Wednesday, August 29, 2012

Elena and Her Men (Elena et les Hommes), 1956, dir. Jean Renoir

I’m a TCM junkie--- so I was excited when Summer Under the Stars was going to be featuring a day of Ingrid Bergman and showing Jean Renoir’s cotton-candied visual spectacle “Elena et les Hommes” as part of the series.   However, as sometimes happens with fair TCM, there were no Canadian rights and it was not scheduled in our programming.

Alas, I was in the mood for some Ingrid Bergman! Some Mel Ferrer! What to do!

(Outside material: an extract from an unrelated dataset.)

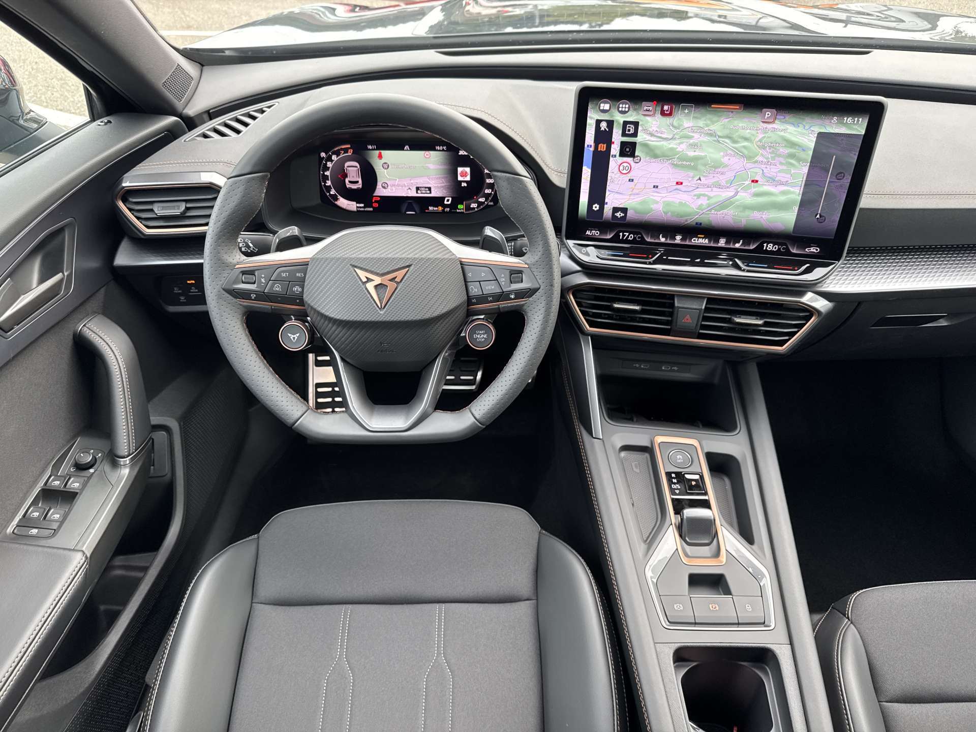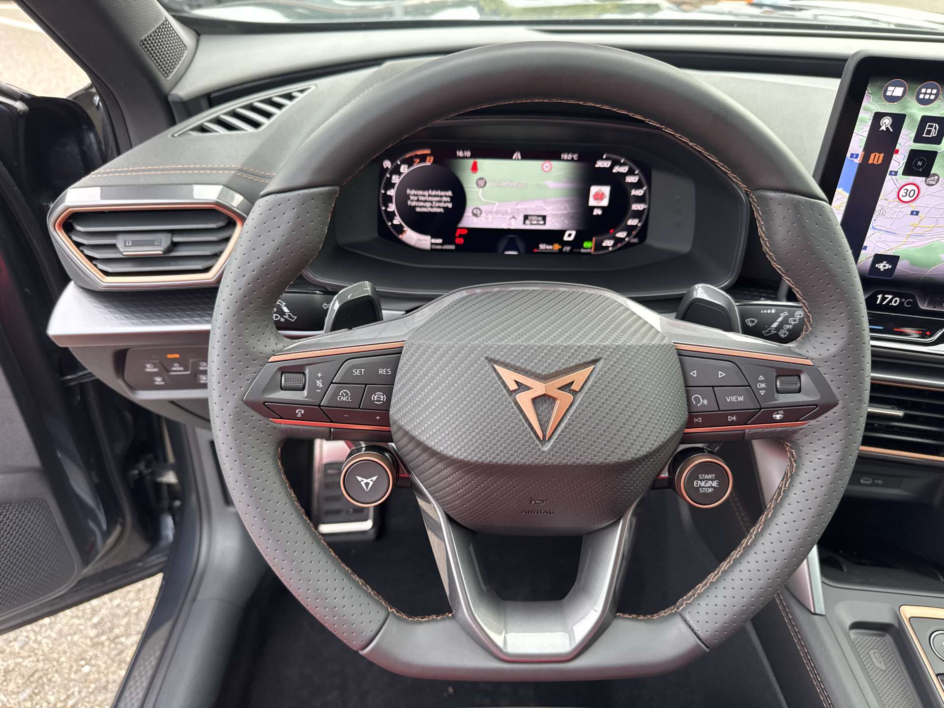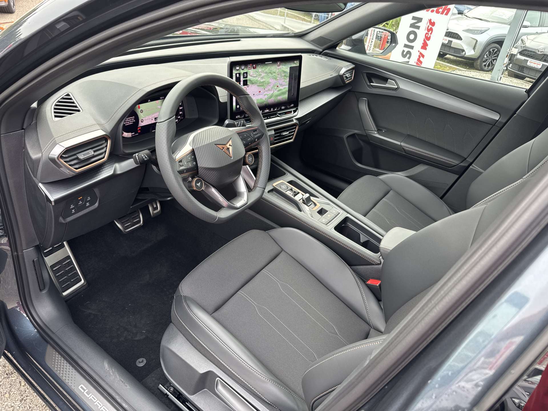 3-Punkt-Sicherheitsgurte auf allen Plätzen, Abgedunkelte Scheiben ab B-Säule hinten, ABS, EBV elektronische Bremskraft-verteilung, Airbag: Airbag Beifahrer deaktivierbar, Airbag: Airbag Fahrer und Beifahrer, Airbag: Kopfairbags vorne und hinten, Airbag: Seitenairbags für Fahrer und Beifahrer, Alarmanlage mit Innenraumüberwachung, Alarmanlage mit Innenraumüberwachung, Assist: Aufmerksamkeits- und Müdigkeitserkennung (ADA), Assist: Ausweichunterstützung / Abbiegeassistent, Assist: Automatische Distanzregelung ACC, Assist: City Notbremsfunktion, Assist: Einparkhilfe vorne und hinten, Assist: Elektronische Parkbremse mit Auto Hold Funktion, Assist: Exit Assist (Ausparkassistent), Assist: Exit Warning (Ausstiegswarner), Assist: Lane assist (Spurhalteassistent), Assist: Multifunktionskamera, Assist: Multikollisionsbremse, Assist: Parklenkassistent IPA (Intelligent Park Assist), Assist: Prädiktive Speedlimiter, Assist: PreCrash Sicherheitssystem, Assist: Regen-/Lichtsensor, Assist: Rückfahrkamera, Assist: Side Assist (Spurwechselassistent), Assist: Top View Camera (Rundumblick), Assist: Traction Control (TCS), Assist: Traffic sign recognition (Verkehrszeichenerkennung), Assist: Travel Assist, Assist: Umfeldbeobachtung Front-Assist, Aussenspiegel elektrisch einstell-, beheiz- und einklappbar, Aussenspiegel elektrisch einstell-, beheiz- und einklappbar mit Memory -Funktion, Aussenspiegel elektrisch einstell-, beheiz- und einklappbar mit Memory -Funktion, Aussenspiegel mit Beifahrerspiegelabsenkung, Aussenspiegel mit LED-Umfeldbeleuchtung, Automatisch abblendender Innenrückspiegel, Beleuchtete Sonnenblende links mit abdeckbarem Spiegel und Lasche, rechts mit abdeckbarem Spiegel, CUPRA Drive Profile, Dachhimmel Schwarz, Dachreling schwarz, Dekor: Dinamica Ambiente, Dekor: Metallized Ambiente, Elektrische Fensterheber vorne und hinten mit Komfortschaltung und Einklemmschutz, ESC mit EBA, DSR, XDS und Reifendruckkontrolle, Fahrwerk: Adaptive Fahrwerksregelung DCC, Fahrwerk: Progressivlenkung, Full Digital Cockpit, Fussmatten vorne und hinten, Garantie: Cupra 12 Jahre Gewährleistung gegen Karosserie-Durchrostung, Garantie: Cupra 3 Jahre Lack-Gewährleistung, Garantie: Cupra Garantie 2 Jahre ohne Kilometerbegrenzung, Getriebe: 7-Gang DSG, Gurtkontrolle, Heckklappe elektrisch öffnend "Virtual Pedal", Heckscheiben-Wisch-/Waschanlage mit Intervall, Kindersitzverankerung ISOFIX (äussere Plätze hinten), Klima: 3-Zonen Climatronic mit Fondraumbedienung, Lackierung: Uni-Lackierung, LED-Innenraumbeleuchtung mit Ambientebeleuchtung Smart Wraparound "Multicolor", LED-Innenraumbeleuchtung mit Ambientebeleuchtung"Monochrom", Lenkrad: Supersportlenkrad mit Start-/ Drive Profile-Knopfsystem und Schaltwippen, beheizbar, Licht: Coming-home-Funktion, Licht: Drittes Bremslicht, Licht: Durchgehende Full LED-Heckleuchten, Licht: Fernlicht-Assistent, Licht: LED Heckleuchten mit beleuchtetem 3D CUPRA Logo, Licht: LED-Heckleuchten mit dynamischem Blinklicht, Licht: LED-Nebelscheinwerfer mit Cornering-Funktion, Licht: LED-Scheinwerfer für Abblend- und Fernlicht, Licht: LED-Tagfahrlicht, Licht: Leuchtweitenregulierung dynamisch, Licht: Matrix LED Fernlicht, Licht: Matrix LED Scheinwerfer, Licht: Nebelschlussleuchte, Media: 12,9" Infotainment (MIB3), Media: 2 USB C Anschlüsse hinten und vorne, Media: 7 Lautsprecher, Media: CUPRA Connect Online Infotainment, Media: CUPRA Connect Remote & Access, Media: CUPRA Connect Safety & Services, Media: CUPRA Connectivity Box, Media: CUPRA FullLink, Media: CUPRA Navigationssystem, Media: DAB+ (Digital Audio Broadcasting), Media: Mobiltelefon Freisprechanlage Bluetooth, Media: Sprachsteuerung, Paket: EDGE, Paket: Fahrerassistenzpaket XL, Paket: INTELLIGENT DRIVE, Pyrotechnische Gurtstraffer und Gurtkraftbegrenzer, Räder: Alufelgen 8J x 18", "TEMPEST" Machined in Silver, Räder: Reifendruckkontrollsystem, Räder: Reifenreparatur-Set (Tire Fit), Schlüsselloses Schliess- und Startsystem (KESSY), Servolenkung mit geschwindigkeitsabhängiger Lenkkraftunterstützung, Sitze: 3 verstellbare Kopfstützen hinten, Sitze: CUPRA Sport Schalensitze in Dinamica "Black/Blue", Sitze: CUPRA Sport Schalensitze in Leder, Sitze: CUPRA Sportsitze in "Sharp Textil schwarz", Sitze: Elektrische Sitzverstellung mit Memory-Funktion für Fahrer- und Beifahrerseite, Sitze: Fahrersitz elektrisch einstellbar mit Memory-Funktion, Sitze: Geteilt abklappbare Rücksitzlehne 1/3 - 2/3, Sitze: Kopfstützen vorne (integrierte), Sitze: Lendenwirbelstütze Fahrer- und Beifahrerseite elektrisch einstellbar, Sitze: Lendenwirbelstütze Fahrerseite elektrisch einstellbar, Sitze: Mittelarmlehne hinten, Sitze: Mittelarmlehne vorne, Sitze: Ohne Dokumentenablage und Schublade unter den Vordersitzen, Sitze: Sitzheizung für Vordersitze, getrennt regelbar, Sitze: Vordersitze höhenverstellbar mit Lendenwirbelstütze, Stopp - Start- und Rekuperationssystem, Türgriffe in Wagenfarbe, Variabler Ladeboden, Vollverzinkte Karosserie, Wärmeschutzverglasung, Wegfahrsperre elektronisch, Zentralverriegelung "Keyless-Go", Zentralverriegelung mit Funkfernbedienung, 2 Funkschlüssel

I went online to Bay Street Video’s extensive web selection (seriously, if you live in Toronto, you should use this store as I do; best DVD selection in the city: especially for those little, esoteric foreign titles, art films and classics) and found it there as part of the Criterion Collection.

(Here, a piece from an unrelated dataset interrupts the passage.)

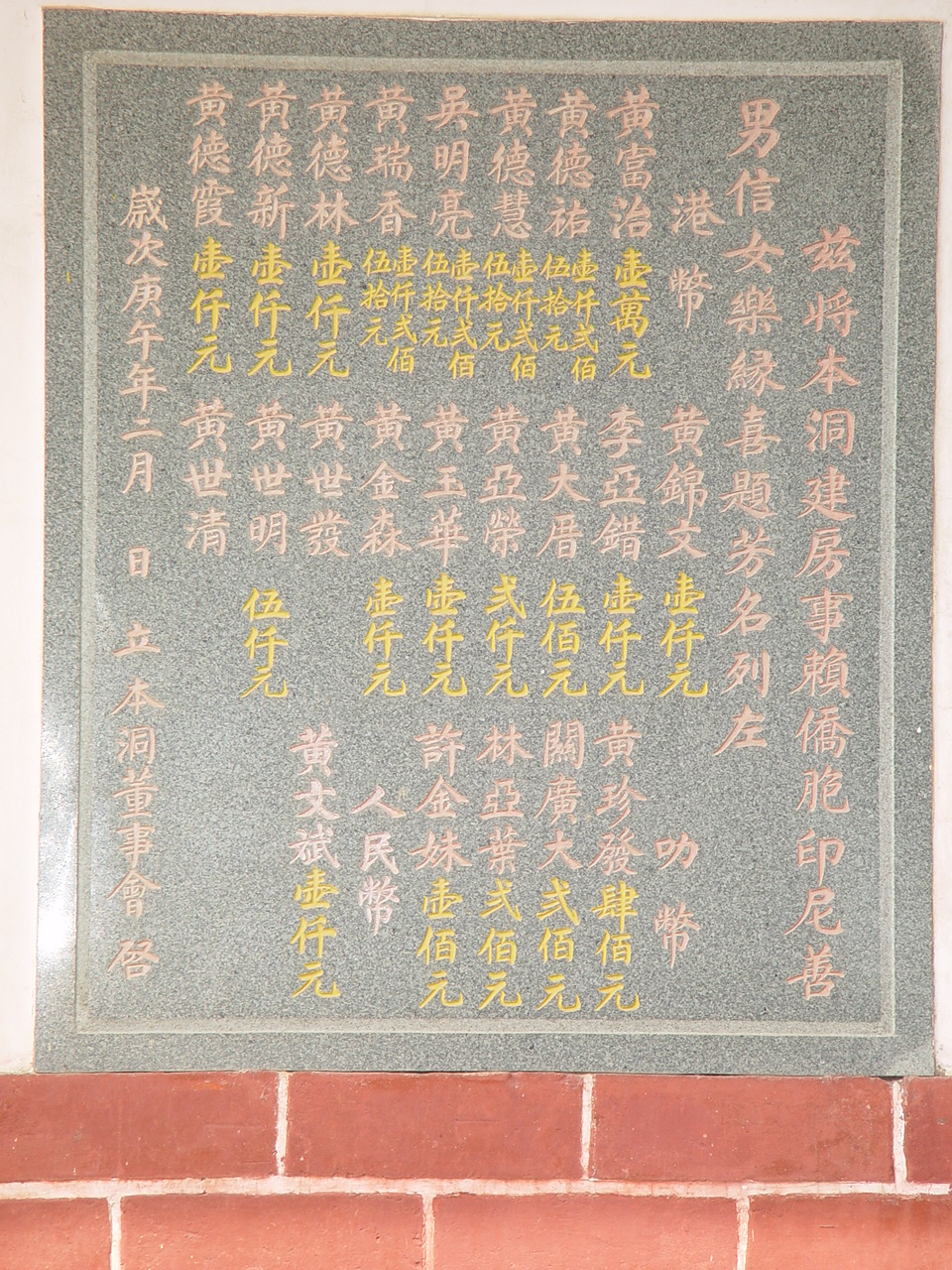 一九八四年,率先由新加坡、印尼、汶萊僑胞、港澳同胞捐資五萬元,首建新址前殿新宇及鏡房,並重塑神像金身。……繼於一九九二年、一九九六年、一九九七年,陸續由上次捐資僑胞再捐三十萬元,添建接待室、化裝室、圍牆、鋪埕、東西轅門、笙鼓樓、鞭炮樓等。同年,又由本村幾位港臺同胞及鄉賢,捐獻一對龍柱、一對石獅、一隻石雕香爐,計資八萬元。尤其一九九八年,謹由汶萊僑胞仍捐五十三萬钜款,擴建後殿和增塑神像金身。僅一九九九年,又有新加坡僑胞捐資七萬元建拜亭,由印尼僑胞、港胞積及幾位鄉賢,為增塑神像金身、添置架轎、龍裙、拱案,共捐三十萬元造價。近來,又由澳胞獨資七萬元,建造村口拱門亭,使本分洞建築群體配套,如錦上添花增豔。

This film, readers, is absolutely ridiculous; but the palette---so lovely, so full of the joie-di-vivre which painted the spectacles of Renoir’s interestingly spun carousels.  Jean Renoir was the son of painter Pierre- Auguste Renoir and father and son share a passion for diverse colour and landscape.  Renoir the filmmaker enjoys the carnivalesque aspect of bustling crowds, of parades, of hot air balloons being thrust into a marshmallow-clouded sky ( and landing in Germany incidentally causing an International disaster preluding to war as quickly as you can say “Franz Ferdinand”) Herein, he portrays the wily but impoverished Polish princess, Elena (Ingrid Bergman) and her two ardent suitors. 

The political dichotomy of the film greatly clashes with the boisterous outbursts of song and dance and fitful and ludicrously French penchant for l’amour.   Elena has been mostly romantically unattached until a Bastille Day parade throws her in the path of the scrumptious Comte Henri de Chevincourt (Melchor Ferrer--- sorry. I have to call Mel Ferrer by his full name because … MELCHOR….) and his friend General Rollan, the object of the spectacle, the boisterous applause and the cries of vivre.

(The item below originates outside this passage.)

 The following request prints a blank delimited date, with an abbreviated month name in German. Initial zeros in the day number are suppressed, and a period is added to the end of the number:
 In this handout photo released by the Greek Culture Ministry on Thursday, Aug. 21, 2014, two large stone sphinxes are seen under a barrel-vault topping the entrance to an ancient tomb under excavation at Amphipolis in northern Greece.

The apt comparison of Rollan’s political advisors to a chorus from a light operetta becomes more and more painfully obvious as they note their General’s attraction to the princess and use her to lure the General into a power play they desire.   The upstairs-downstairs plots and the spacing of the mansions used (for Elena’s engagement party to a M. Shoe and later at the staging of a coup d’etat with the general) are industriously flecked with doors slamming, heels scraping wood, people bustling out.  Renoir further extends the lens to encapsulate the gypsy camp nearby (completely with caravan) and the bustling throngs awaiting the exit of the General.   It puts you in mind of a whipped-creamed staging of Marriage of Figaro.

see! colour!

It’s a ridiculous story. There are singing gypsies, village-wide make-out sessions ( this is rather tame making-out ), the General kisses Elena on the love seat, Mel Ferrer kisses Elena at a party following the parade,  Elena kisses Mel Ferrer aside the glorious curtains furrowing out to allow a glimpse of amour to the spectators below.

The maid is in love with an inappropriate soldier,  Mel is disguised as a gypsy…. And all of this plays out against the backdrop of political turmoil largely reflective of the events leading up to the First World War.

It’s frothy, souffléd nonsense with a bunch of music besides…. And awkward neck-tilted kisses….

The love-triangle lasts for about five seconds when Elena learns that Henri/Melchor’s apparent idle nature cloaks his passionate love for her and it all turns out in the end: in love … and in war…

( well, maybe not in war; but at least for the general)

This might have been more fun if I had been drinking pinot grigio at the same time.  I’ll remember that tip for myself the next time I approach the technicolour world of odd Jean Renoir and his musically fantastical spectacles with awesome costumes and so much kissing…..

Also, I think I know what every woman wants: a man who will look at her like Mel Ferrer looks at Ingrid Bergman/Audrey Hepburn/Leslie Caron/*insert actress here*   He is so undone by love and it is so transparent on his face.  He out-heights the 5’10 Bergman so can even look down at her with these eyes that just blaze amidst the fluorescent frou-frou of the spectacle….

ARGH! My heart! ARGH!! 

1 comment:

Unknown said...

I just have to say Melchor looks amazing in that last photo.